On the mountaintop, Satan tried to make Him concentrate on a political career but failed. It was the political that was to serve the Divine, not the Divine the political. Later on, when the masses attempted to make Him king, He fled into the mountains. But the idea of political liberation was rampant and foremost in the popular mind. All Israel had been in the hands of the Romans ever since Pompey entered the Holy City defended by Aristobulus and carried him and thousands more off into captivity. The country, then, was a tributary of Rome. When the word “freedom” was used, it was almost always understood in the political sense of overthrowing the slavery of Caesar.


Our Lord, therefore, constantly had to deal with this problem—either because some hoped He would be a political liberator, or because whenever He spoke of freedom it was misunderstood as liberation from Rome.
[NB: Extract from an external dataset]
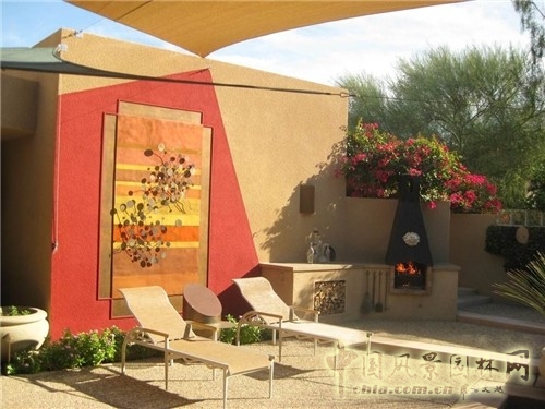 在這個現(xiàn)代化的沙漠景觀風(fēng)格的院落里,戶主很想要一些特別的東西。壁爐下面的長凳被粉飾以金黃色,有種張揚壁爐的效果。在戶外景觀中,黃色是愉悅的積極色調(diào)。在這里,搭配金黃色的是周圍地面的灰色巖石。而且,炎熱地區(qū)應(yīng)用這種顏色還有另一個優(yōu)勢:它不會像其他深色一樣吸收吸收大量的熱,從而可以確保座椅不會炙熱難坐。
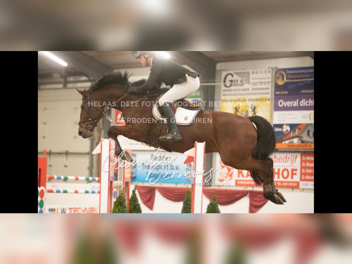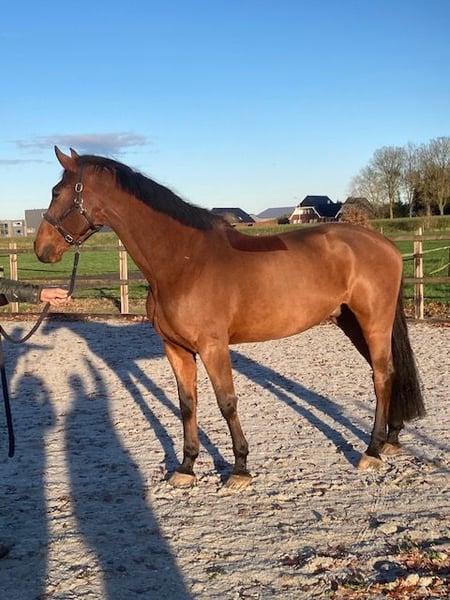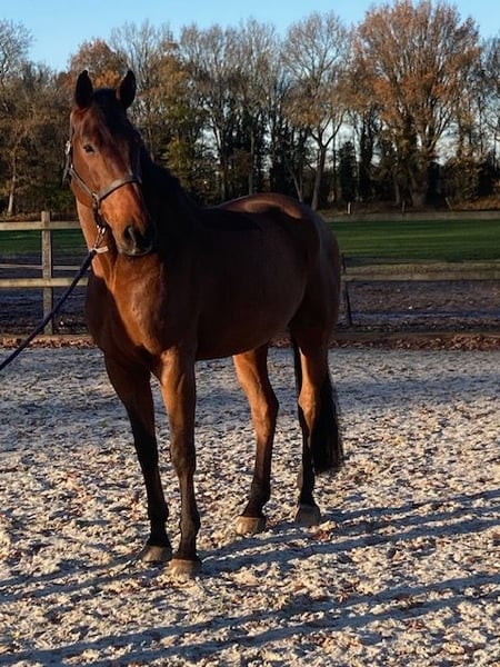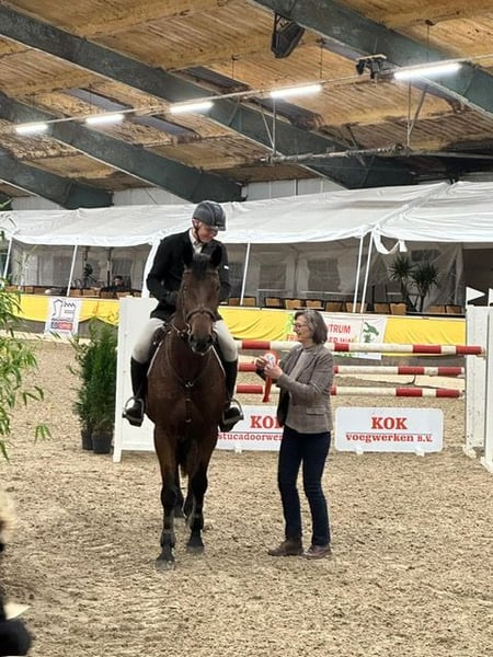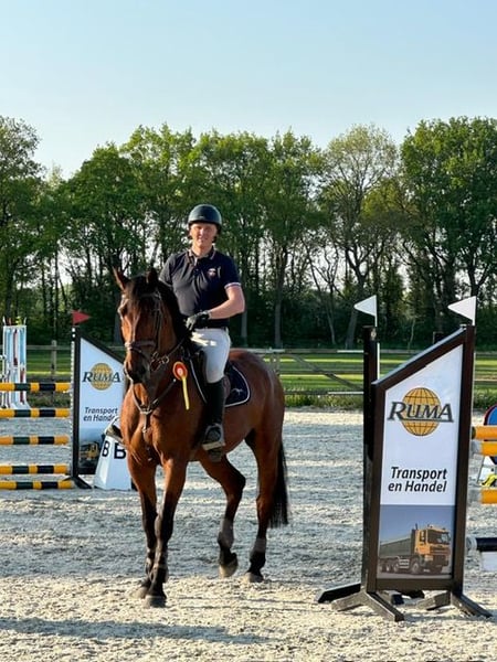 Nice and well-bred strong show jumping horse by Royal Feu x Carthago Mother is Cassandra van Carthago, who has offspring competing at 1.50/1.60 m. Jochie is super well-behaved in handling, loads easily onto the trailer, and has no stable vices or issues. This is a horse with a lot of quality that makes no mistakes in the arena. Jochie has competed with multiple riders in 1.20 m and 1.30 m classes, always placing in the ribbons. Current record: 1.30 m with 7 wins. With Jochie, you can also enjoy nice rides alone in the forest. He also gets along well with other horses in the field. Show jumping videos available via WhatsApp upon request.

In three separate incidents He cleared up His position on this subject, leaving no doubts as to what He regarded as the True Freedom:


1. Political freedom from Caesar was not primary.

2. True Freedom was spiritual and meant liberation from sin.

3. To acquire this Freedom for everyone, Jew and Gentile alike, He would submit Himself voluntarily as a ransom for sin.


Two groups held contrary views concerning Caesar: the Herodians and the Pharisees. The Herodians were not a sect or a religious school, but a political party. Outwardly they were friends of Caesar and of the Roman authority; though they were not Romans, they favored the House of Herod as the occupant of the Jewish throne; this made them friends of pagan Rome and Caesar, Herod himself being the vassal of Caesar. Wishing to see Judea eventually brought under the sceptre of a prince of the Herodian line, they in the meantime submitted as fellow travelers to the pagan Roman authority.


Another party was the Pharisees, who were now at the height of their power. Being Puritans concerning the Law and Jewish traditions, they refused to acknowledge any authority to Rome; they had even attempted, according to Josephus, to put Herod to death. As nationalists, they refused to acknowledge Roman dominion and hoped that one day the Jews under their Messias-King would rule the world.


Both of these groups were enemies, not only because the Herodians sided with Caesar and were willing to pay tribute to the conqueror, while the Pharisees despised Caesar and paid tribute under protest, but also because the Herodians were not particularly interested in religion, while the Pharisees professed to be its most exemplary models.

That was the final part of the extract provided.